SETI Institute started small, with just one project — NASA’s SETI Program and two employees. Over the years, other research disciplines have been added to the Institute’s portfolio, all unified by their relevance to the search for, and understanding for, life beyond Earth. Today, the Institute has approximately 100 scientists and specialists in administration, education, and outreach.
SETI’s Citizen Scientist Program
The SETI Institute has partnered with Unistellar, a company aiming to revolutionize popular astronomy through the Enhanced Vision Telescope (eVscope). This innovative, mass-market digital telescope is compact enough to fit in a backpack.
The SETI Institute and Unistellar are engaging in a unique citizen science collaboration.

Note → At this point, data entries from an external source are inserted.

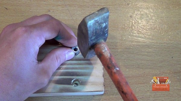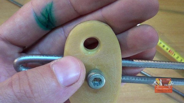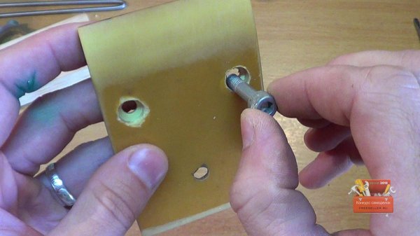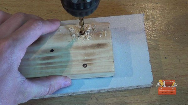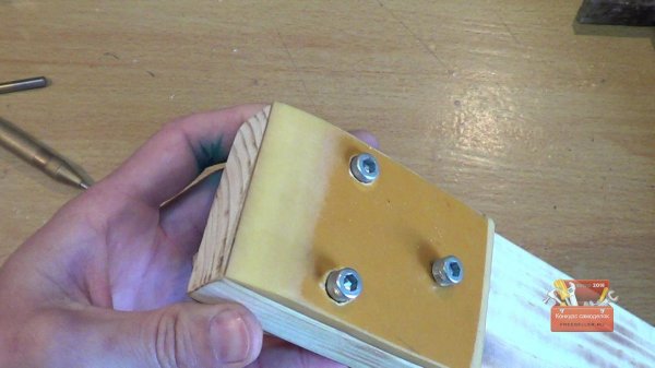 Затем просверлил отверстия в прижимной пластине и деревянной стойке. В пластине сделал небольшой патай, что бы винтики как можно глубже садились в нее, а в стойке запрессовал гайки.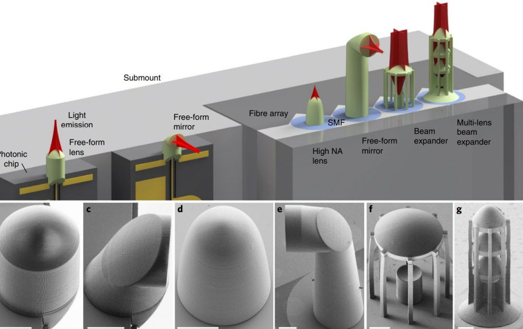 飞秒激光直写3D打印用于芯片和光纤端面的一系列光束整形元件,可实现边缘发射激光器和单模光纤之间高达 88% 的耦合效率;同时适应光束形状和传播方向的印刷自由曲面反射镜。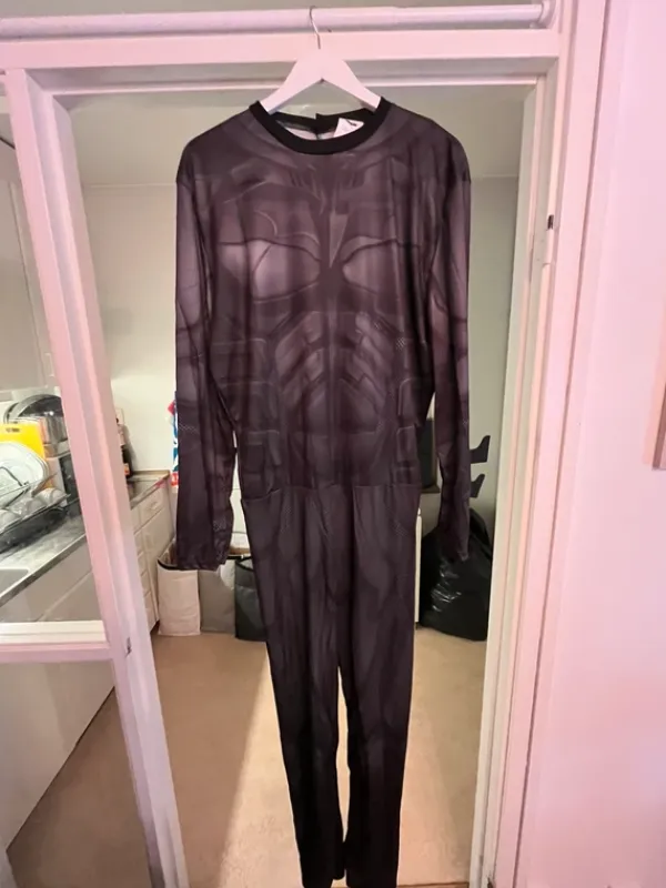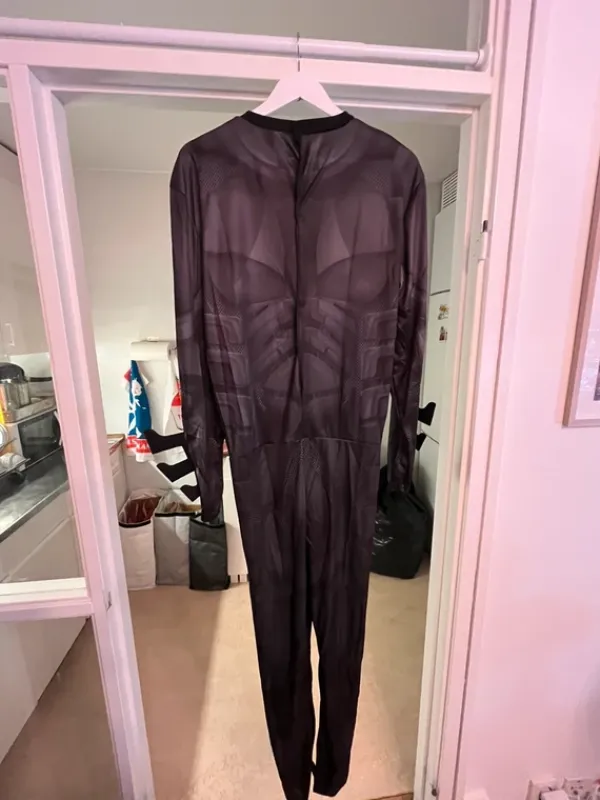Batman-dräkt från Funidelia, köpt för 399kr. Storlek XL, upplevs ”true-to-size”.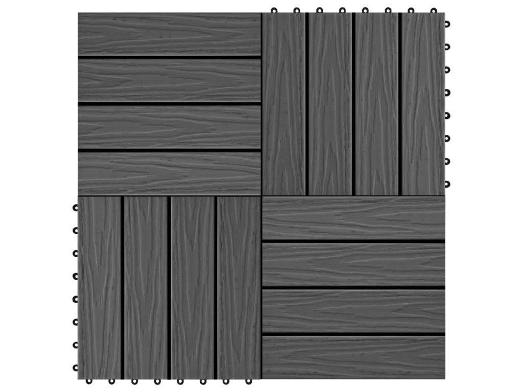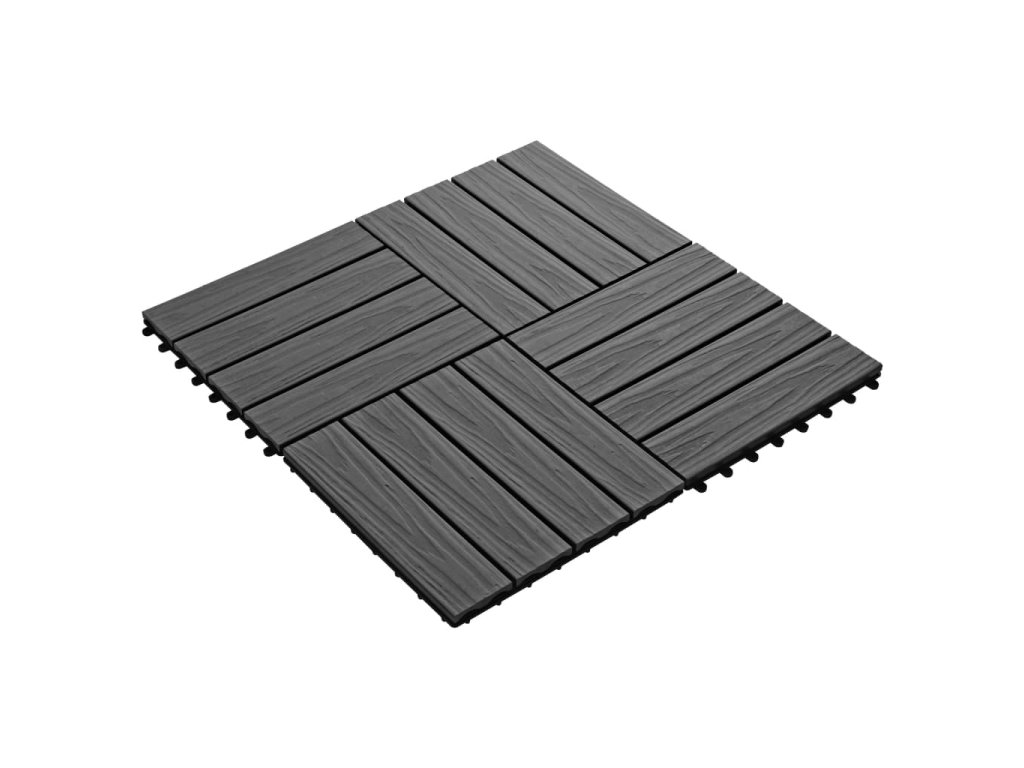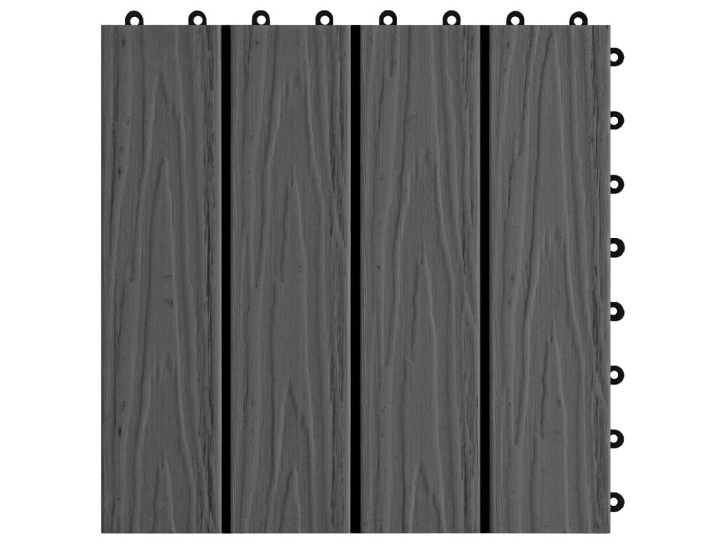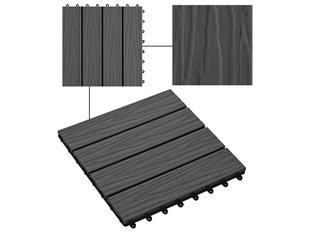 Sada hlboko reliéfnych dlaždíc z WPC obsahuje 11 dlaždíc, pričom každá má rozmery30 x 30 cm, a pokrýva celkovú plochu 1 meter štvorcový. Vašej terase, balkónu, kúpeľni, bazénu či domácemu wellness dodá čistý vzhľad.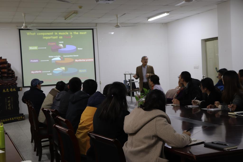 今野教授做了题为《鱼类蛋白生化特性及保鲜研究》的报告。从肌原纤维蛋白质的结构和生化特性,蛋白变性的机理及预防方法,常见淡水鱼肌肉肌球蛋白热稳定性的周期性变化,淡水鱼不同鱼种之间以及淡水鱼与海水鱼之间肌球蛋白热稳定性的差异,鱼肉保鲜领域的最新研究进展等方面做了介绍,并结合自己的研究成果,系统阐述金枪鱼保鲜的方法。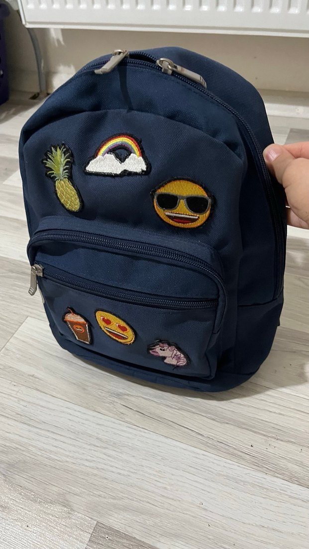 Koyu mavi baskılı ve tokalı kapanışa sahip, minimalist sokak stili için uygun kadın sırt çantası.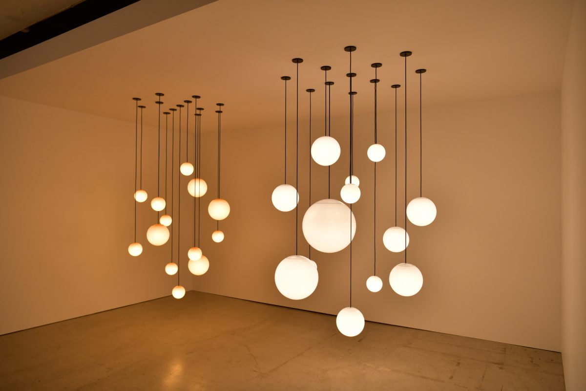 この照明は球の上部に金属製の部品を用いていないため、より真球に近い形状に見えるのが大きな特徴のひとつだ。だが、照明が高い位置に吊られていると上部が見えず、その特徴を体感するのが難しい。そこで今回の展示では、あえて低い位置に照明を配置することで、長所がはっきりとわかるようになっていた。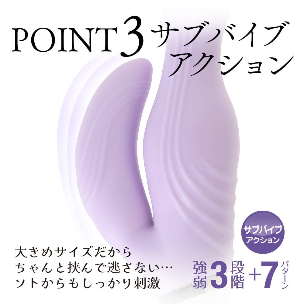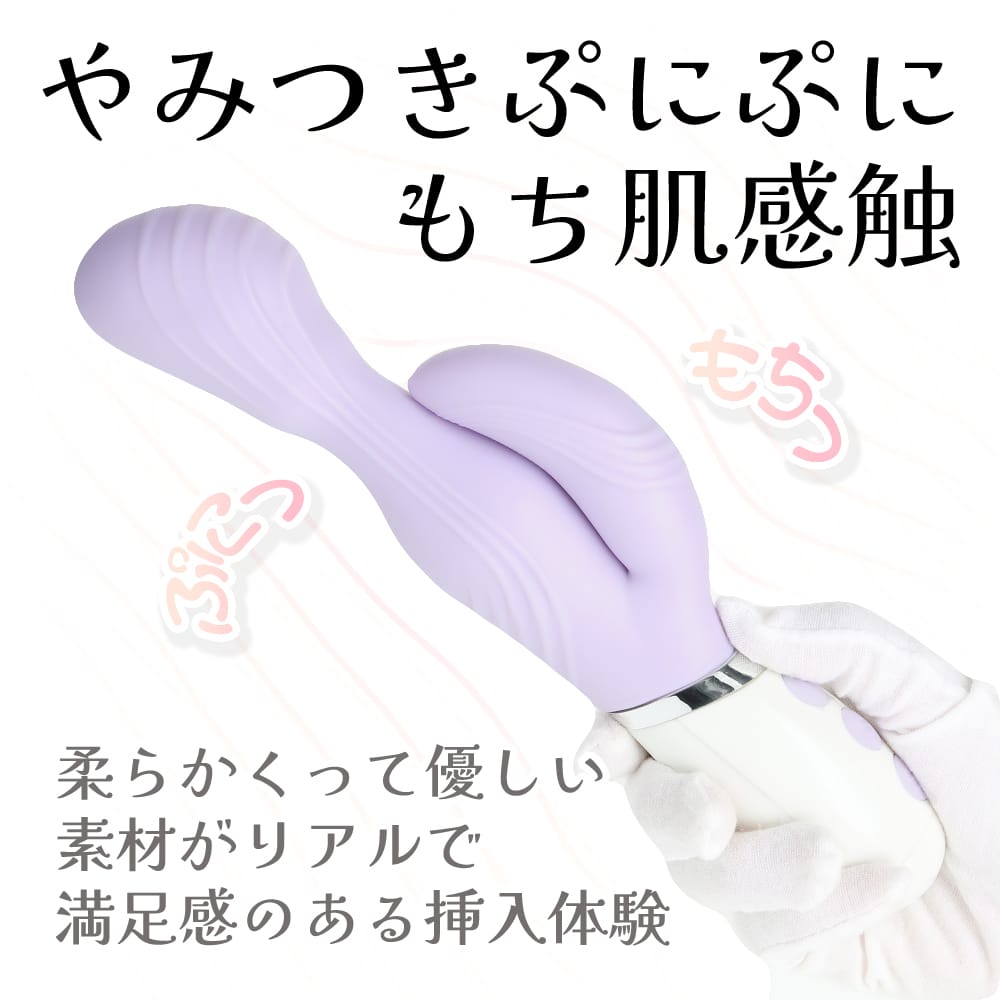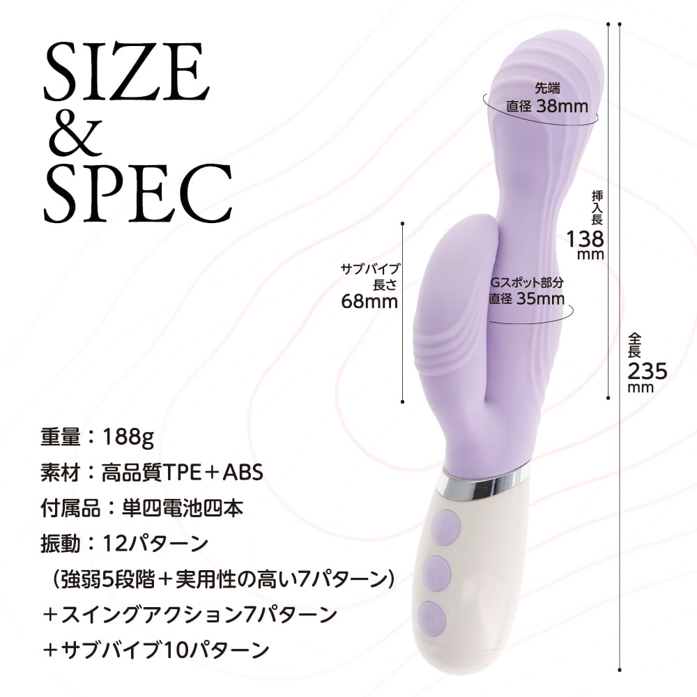 モチ肌感触がクセになる、柔らか高品質素材採用バイブ。スイング+高性能ヘッドモーター搭載だからナカ派も大満足。しっかりと擦れる快感を楽しめる形状のサブバイブにもパワフルモーターを搭載しています。不思議な感触の柔らか素材が優しい気持ち良さを演出します。ヘッドバイブは強弱を細かく5段階調整+実用性の高い7パターンを採用、計12パターン+スイングアクション7パターン+サブバイブも10パターンもあるのでお好みの刺激を選んで楽しめます。満たされ感の強い先端形状とG部分にも膨らみを付けて、より充実した挿入感を実現しました。実用的なアクションと挿入感に特化した形状と高品質柔性素材の全部盛りバイブです。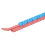 Les cavaliers sont disposés sur leur tige de montage avec des intervalles permettant de les glisser individuellement sur le câble à repérer.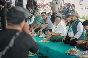 | Cak Imin berdialog dengan para petani di Kabupaten Madiun, Jawa Timur, Sabtu (30/12/2023). |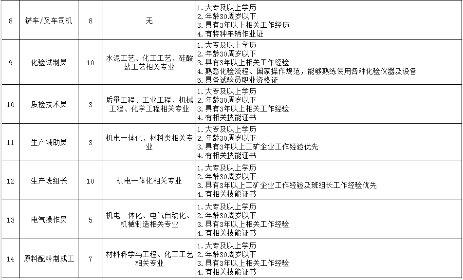 2. 大专及以上学历,年龄18-30周岁,具有三年及以上相关工作经验,持有相关技能等级资格证书。
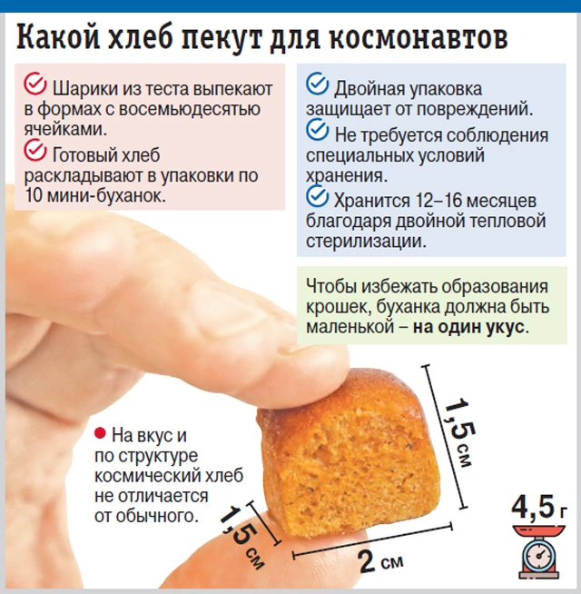 А ещё в Москве производят еду для космонавтов. Все знают, что это питательный гель, расфасованный в тюбики. Однако в орбитальный рацион входит ещё и хлеб, который пекут в столице (см. инфографику). Пекут маленькими кубиками, чтобы космонавт мог съесть порцию, не откусывая, а не то крошки в невесомости разлетятся по МКС и повредят оборудование. Делают для космического питания и бородинский хлеб, и пшеничный, и кексы, и рулетики. Хранится такой до полутора лет за счёт герметичной упаковки и стерильного производства.

With a global network of over 8,000 users, SETI Institute researchers can quickly mobilize teams for observations, leading to significant scientific discoveries and contributions.
Franck Marchis, a senior planetary astronomer at the SETI Institute and chief scientific officer at Unistellar, and Thomas Esposito, research assistant focused on the architecture and evolution of exoplanetary systems, lead the scientific collaboration between the institute and Unistellar.
The following observations have been included:

Asteroids
Successful observation of the Trojan asteroid Eurybates, target of the NASA Lucy mission, as it crossed Europe, deriving for the first time its complex shape.

Exoplanets
An ongoing exoplanet detection program to help confirm exoplanet candidates identified by TESS by observing possible exoplanet transits from Earth

Planetary Defense
DART mission observations on Reunion Island and in Kenya successfully captured the impact, including the formation of clouds and material after impact, a brightening, a plume and later the formation of a faint tail of ejected material.

Comets
A new program to better understand the changing activity of comets as they approached the inner part of the solar system.

Transient Events
A new program to support surveys like ZTF and the upcoming Vera Rubin telescope, and monitor cosmic cataclysms, like super-novae.
Techtinium's Collaboration With The SETI Institute
We were tasked with several critical responsibilities to support this initiative:
- Pipeline Migration: Migrate all the data pipelines from AWS to GCP.
- Code Refactoring: Refactor and rewrite code where necessary.
- Environment Setup: Establish separate environments for testing and production.
- Pipeline Stability: Enhance pipeline stability.
Techtinium's Collaboration With The SETI Institute
- Version Control: Implemented Git for efficient version control and improved debugging with the logger library.
- Version Upgrades: Upgraded the Python server and resolved all dependency conflicts during the update process.
- Environment Tracking: Utilized pipenv as their virtualenv management tool to track all Python libraries, ensuring the reproducibility of code.
- Astrometry Software: Upgraded the astrometry software to perform WCS transformations, and stacking, of telescope data.
- Performance Comparison: Conducted root cause analysis to compare AWS and GCP pipeline performance, finding GCP pipelines to be faster.
- Cloud Logging: Implemented file logging accessible in GCP, enabling easy searchability of cloud logs.
- Code Quality: Addressed issues with the existing code, including numerous background processes. Improved logging with different log levels, for improved debugging.